If the liberal Brown were to now take on out-of-control public spending, he would be immune to the charges of callousness that destroyed multimillionaire outgoing Gov. Arnold Schwarzenegger and would have likewise smeared Republican billionaire gubernatorial candidate Meg Whitman had she won. Perhaps given that California already has the highest sales, income and gas taxes in the nation, Brown could shrug and say that any more tax increases would set off an even greater stampede out of the state.

And at 72, the once overly ambitious Brown — who ran for the presidency three times — can forget about leapfrogging into the White House. The question now is Brown’s final legacy, not his next career move. We know from the implosion of the European Union that unchecked big government inevitably leads to public insolvency. But does it also ensure, Brown might ask, moral bankruptcy?

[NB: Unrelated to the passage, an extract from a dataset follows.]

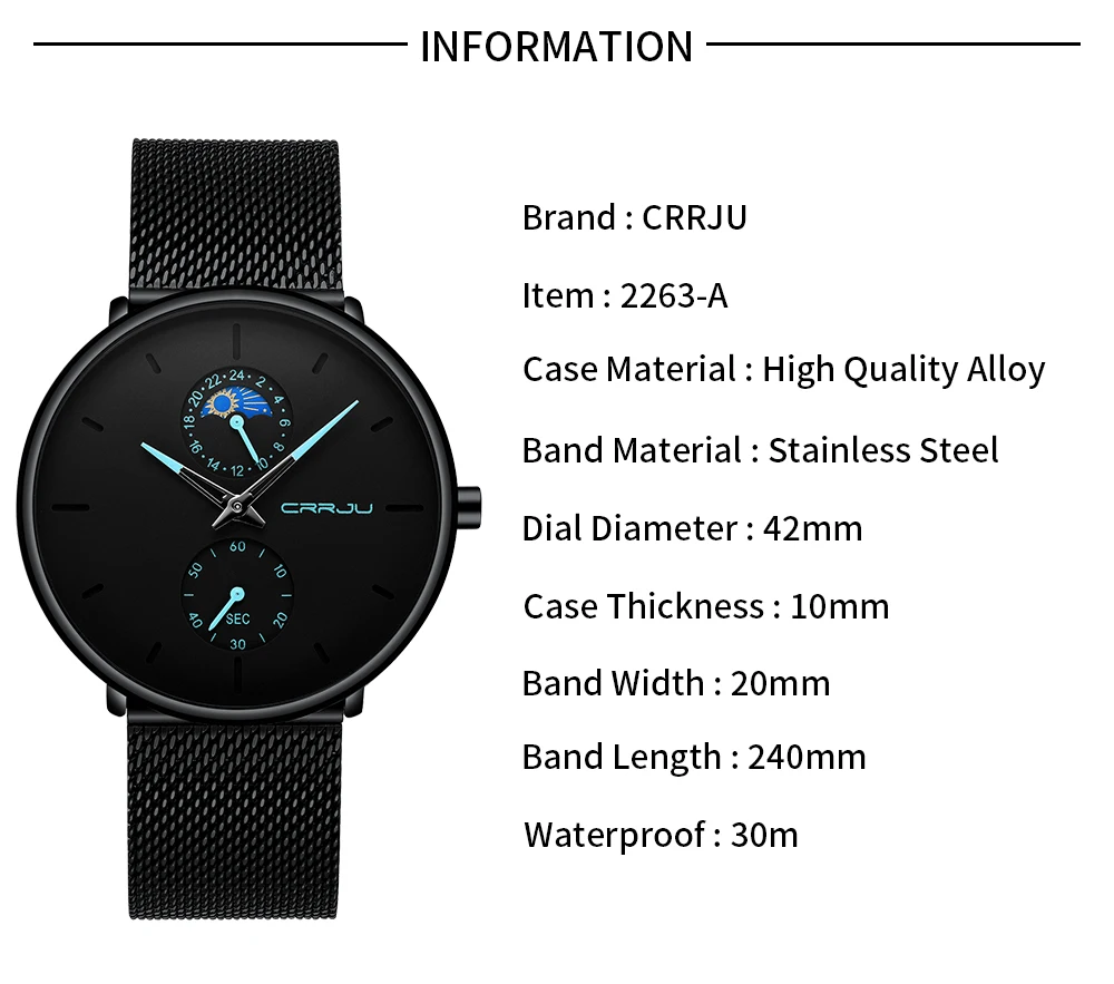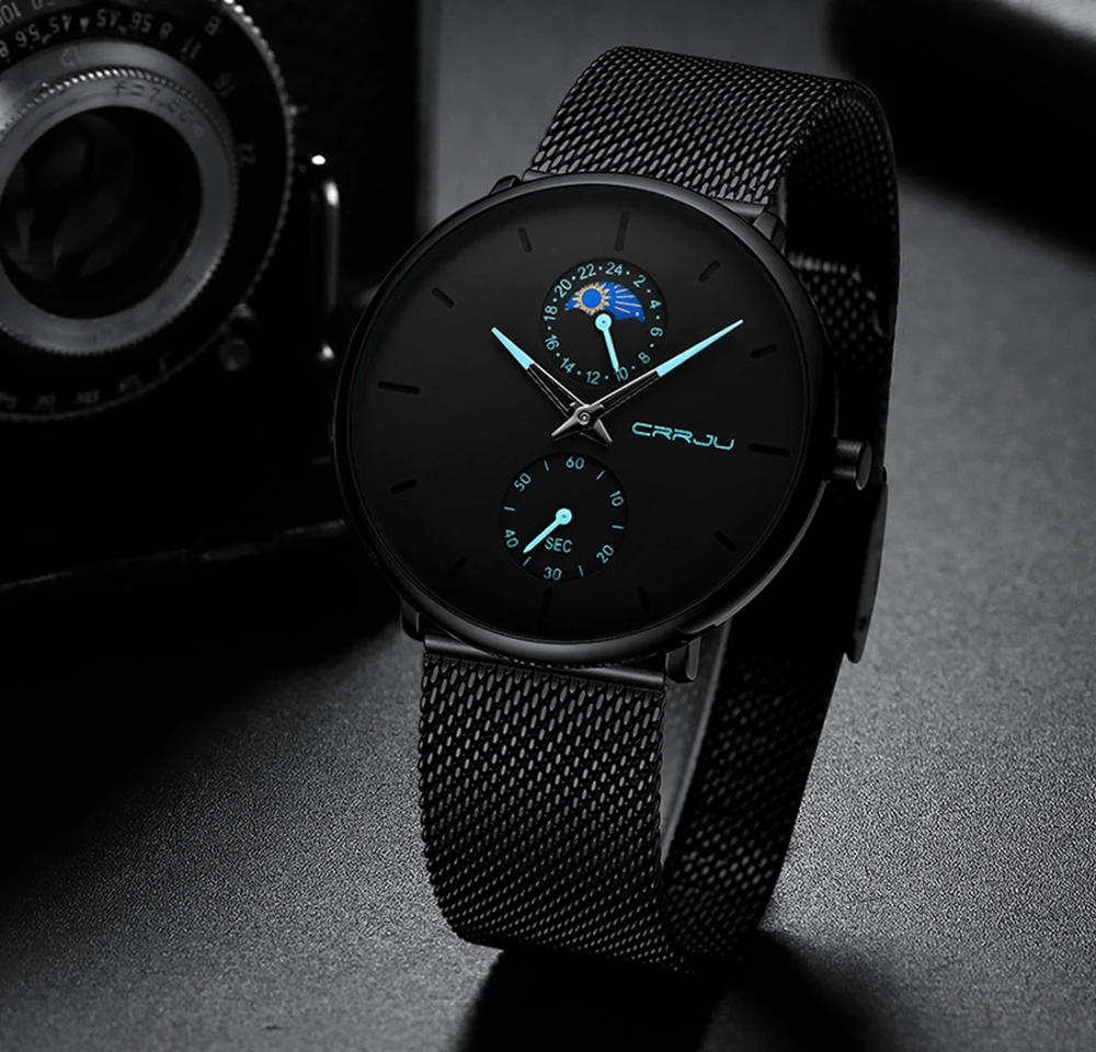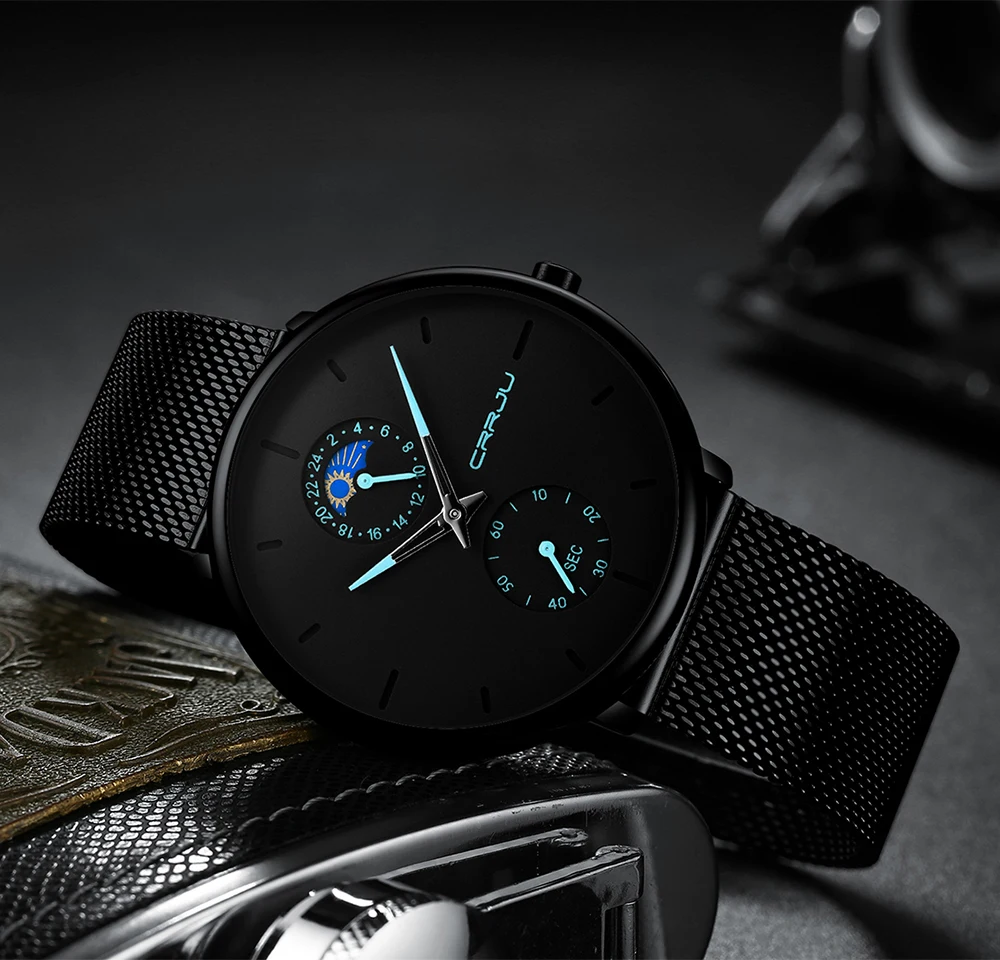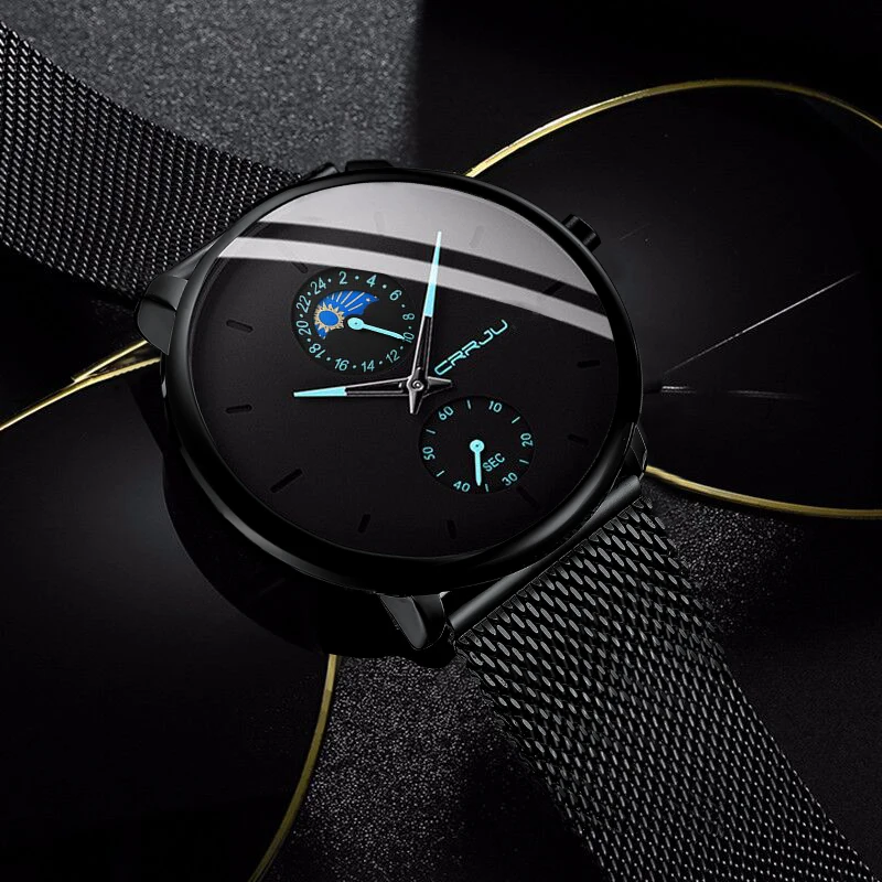 Часы CRRJU мужские наручные кварцевые, брендовые Роскошные деловые ультратонкие спортивные водонепроницаемые с сетчатым ремешком

In a postmodern world of omnipresent cheap consumer goods and all sorts of government-subsidized cradle-to-grave perks, can “small is beautiful” Jerry Brown teach Californians not just that too much stuff is no longer affordable or sustainable, but, at a deeper level, that our out-of-control excesses, appetites and dependencies are no longer good for our souls?

Before he chose politics Jerry Brown spent time in a seminary discerning whether he had a vocation to the priesthood.  If he wants to be remembered as one of the state’s greatest leaders perhaps he would do well to remember that being fiscally responsible isn’t just good politics, it’s also good morals.

August 12th, 2010 at 9:15 pm
White House Aides Should Learn This Is Not the Time to Complain About Too Much Work

Victor Davis Hanson has some terrific commentary at National Review Online drawing out the distinctions between the well-paid, over-worked White House aides recently profiled by the New York Times, and the everyday Americans grinding it out during the Great Recession.

The Times wants to draw a sympathetic portrait of the heroic Obama cadre that suffers so much on our behalf. These are six-figure jobs that wear out one’s hands on the Blackberry, true, but serve as valuable stepping-stones to even higher-paying corporate jobs. And this is still a recession. This raise-the-bar griping will not go down well with the coal worker in Montana, the welder on a 30-story scaffold, or the oil worker offshore (e.g., it is not as if a Blackberry is going to blow up in one’s hands, or an acoustical tile is going to fall and crush one in the West Wing). It is all too reminiscent of the various explanations we’ve heard for why Michelle’s Costa del Sol sojourn was an understandable and much-needed refresher before the more arduous odyssey ahead on Martha’s Vineyard.